After development was underway we discovered that in order to add the same look and feel of the SUMMIT PC application we would have to use some client-side Java Script. We set guidelines on where and how much script would be used and proceeded to place Java Script in our application. This worked perfectly. We found that we only needed to add script to perform functions like displaying a pressed button or redisplaying a page once the selection criteria was changed. Java Script was only added in areas of the application where the execution of the script was not critical to the functionality and performance of the application. The script that we used is, at most, four lines of code and was placed in only a few pages of the application. It is the only script that executes on the client station thus allowing us to accomplish a client resource independent application.

Figure 5: Browser Types

Figure 6: Operating Systems

Figure 7: Screen Resolutions

User Acceptance

A user who migrates from a character based CICS system to a GUI Internet system has to make a very big adjustment. This was anticipated, so we elected to train 90 users on the functionality and similarity of the SUMMITWEB application. These training sessions benefited us as much as the users. Through these sessions we were able to gauge how successful the application might be. The application showed a tremendous amount of promise as the users were thoroughly impressed with its graphical presentation, the robust user-friendly controls, the amount of data delivered, and the speed of delivering the data in an internet environment.

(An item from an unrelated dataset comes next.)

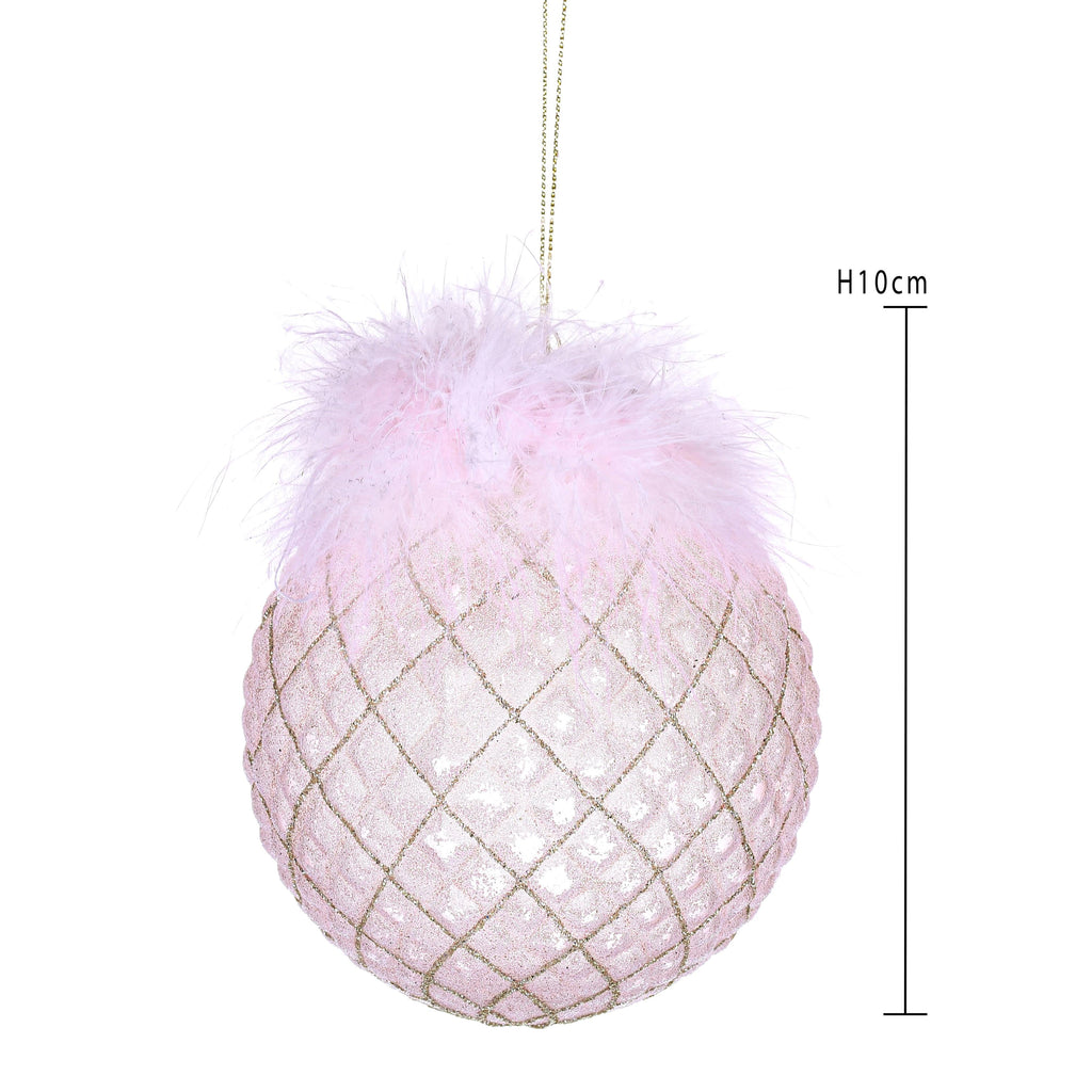 Set mit 4 dekorativen Weihnachtsbaumkugeln mit Federn Ø10 cm Rosa/Champagner

Once the SUMMITWEB application was put into production, we eagerly awaited user reactions. To our surprise user reactions were far better than imagined. Only positive responses have been reported from both users of the system as well as non-users who have heard about or maybe seen the system. Since its inception, we have averaged between 20 and 30 users logged in daily, and no one has reported any problems with the SUMMITWEB application.

Conclusion

The work we have done on the SUMMITWEB application has taught us to look at the Internet in a new light. We have learned that client needs are a much bigger concern in a data-centric Internet application environment than in a typical transaction based environment. This is due to the vast number of tools vendors are providing users to interact with the Internet. We would like to think that the solutions we put in place today will continue to be solutions for the long term. With the continuing changes in technology we know this is not a feasible conclusion. In order to continue creating successful data-centric Internet applications we need to continuously evaluate new technology and determine its appropriateness in our environment.

It is important to note that just as a transaction based or GUI PC system can be designed many different ways, this is also very true with Internet applications. The area of Internet development is so abundant in tools and add-on components that it can become difficult to create long-term, feature rich Internet systems. Deciding on the appropriate tools and features to implement is very critical to the success of an Internet application. A possible guideline for making these decisions may be found by adhering to the following statement -- Database driven internet systems of today must be narrow enough that they focus on the target groups that will use them, but not so narrow that the systems restrict the growth of the target groups or the platforms they run on.

Overall this project has been very successful at ISU and positions us for the future in supporting systems on the World Wide Web. The structural design of our approach will also fit other "core" applications at ISU.